PERSONS attempting to find a motive in this narrative will be prosecuted; persons attempting to find a moral in it will be banished; persons attempting to find a plot in it will be shot.

Those, of course, are not our words. They are Mark Twain’s, specifically the satirical notice he placed at the start of The Adventures of Huckleberry Finn.

Not only are Twain’s words not our own, they in no way reflect our objectives or what we want our readers to do. Twain hoped his words would get people first and foremost to enjoy the story and not search for motives, morals, and plots. We hope you enjoy our narrative, too, but we have motives, morals, and plots, for sure, specifically the preservation and propagation of fine flavor cacao and chocolate now and for future generations.

So why use Twain’s words to start the book?
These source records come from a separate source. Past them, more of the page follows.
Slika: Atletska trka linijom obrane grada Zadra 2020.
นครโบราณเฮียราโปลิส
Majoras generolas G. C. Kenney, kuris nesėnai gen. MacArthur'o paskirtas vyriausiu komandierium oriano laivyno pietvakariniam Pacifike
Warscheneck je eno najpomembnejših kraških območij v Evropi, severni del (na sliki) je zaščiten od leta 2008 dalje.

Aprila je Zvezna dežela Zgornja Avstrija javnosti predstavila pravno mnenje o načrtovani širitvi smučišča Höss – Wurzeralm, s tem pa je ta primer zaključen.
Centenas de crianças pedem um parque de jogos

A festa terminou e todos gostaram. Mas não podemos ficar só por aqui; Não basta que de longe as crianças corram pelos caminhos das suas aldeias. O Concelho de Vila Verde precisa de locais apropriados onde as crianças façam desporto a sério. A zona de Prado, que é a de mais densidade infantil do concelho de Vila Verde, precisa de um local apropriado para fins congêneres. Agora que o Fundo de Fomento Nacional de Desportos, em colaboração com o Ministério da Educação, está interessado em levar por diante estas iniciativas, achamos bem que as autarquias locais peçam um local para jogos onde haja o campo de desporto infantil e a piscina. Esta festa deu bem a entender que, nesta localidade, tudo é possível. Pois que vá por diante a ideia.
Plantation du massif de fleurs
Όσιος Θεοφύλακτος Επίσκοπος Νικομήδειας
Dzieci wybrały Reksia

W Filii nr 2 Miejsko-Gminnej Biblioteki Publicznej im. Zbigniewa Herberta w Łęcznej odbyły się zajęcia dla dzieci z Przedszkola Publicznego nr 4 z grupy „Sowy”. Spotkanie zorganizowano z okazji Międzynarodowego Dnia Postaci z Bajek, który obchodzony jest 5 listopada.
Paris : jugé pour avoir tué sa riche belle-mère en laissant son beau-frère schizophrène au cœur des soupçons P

Because Twain’s notice claiming a lack of seriousness in The Adventures of Huckleberry Finn has the exact opposite effect: it makes you take the book seriously.

Like Twain’s notice—and like fine flavor chocolate itself—this book is a mixture of seriousness and fun. In writing this book, we strived to remember the words of Charles Schultz, creator of the beloved Peanuts comic strip: “All you need is love. But a little chocolate now and then doesn’t hurt.” We may take the future of fine chocolate very seriously, but we never forget that this is a book about the simple pleasures found in chocolate in its richest, most complex forms.
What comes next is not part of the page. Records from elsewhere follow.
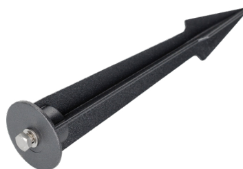
Рисунок 3. Основание для установки в грунт (арт. 024889).
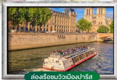
ส่องเรือชมวิวเมืองปารีส
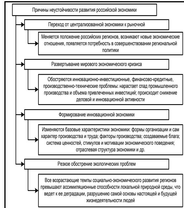
Рис. 2. Проблемы устойчивости развития российской экономики [4]

Проблеме устойчивого развития в нашей стране посвящен целый ряд монографий и научных пособий, усиленно внедряемых современной системой образования.
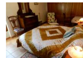
Chambre climatisée Lit en 160
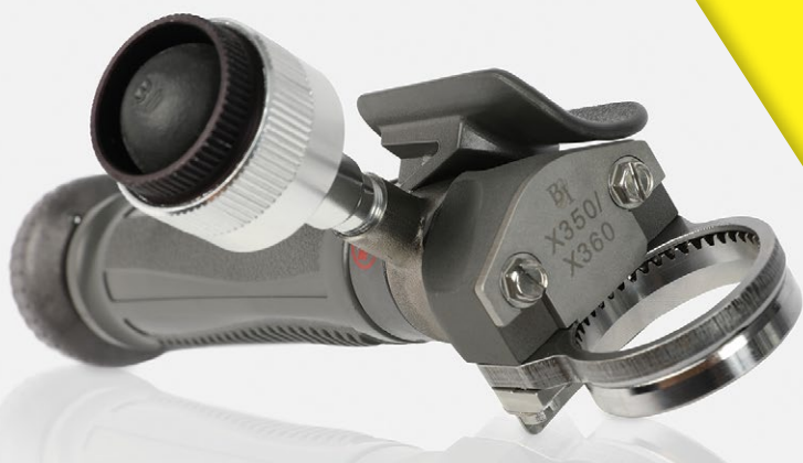
Quantum Flex®: Zwiększenie prędkości

Kiedy ludzie mówią, że nowe trymery Quantum Flex® firmy Bettcher zmieniają rzeczywistość w przetwórstwie mięsnym, to nie tylko słowa. Dowodzą tego testy praktyczne prowadzone w czasie rzeczywistym w zakładach przetwórczych!
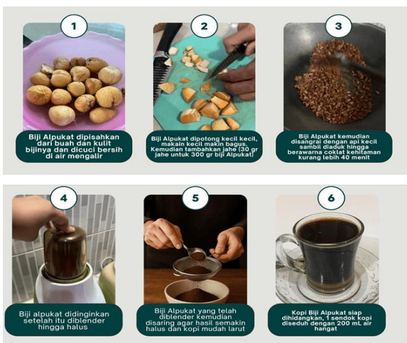
Gambar 2. Skema Pembuatan Pikat (Kopi Biji Alpukat)

Setelah dilakukan kelima tahapan tersebut maka biji alpukat yang diproses selanjutnya dapat diolah lebih lanjut menjadi teh dan kopi biji alpukat maupun tepung dan olahan pangan lainnya. Tahapan uji coba pembuatan kopi biji alpukat yang dilakukan oleh tim pelaksana dapat dilihat pada skema pada gambar 2 berikut

That said, people looking for motives, morals, and plots behind the names found in this book can stop. No, really. Stop. Seriously.

We cast a wide net to ensure a global view, but to keep things manageable for readers, we limited ourselves to a representative sample of topics and only a few perspectives on them from each country or region. There are many more people researching and growing wonderful cacao, manufacturing brilliant chocolate, and transforming that chocolate into magnificent bonbons than we could possibly include in this book. Someone could easily interview an entirely different lot—or choose to talk to people from just a few regions or a single origin—and come up with something just as tasty. We support and hope to raise the bar for all them!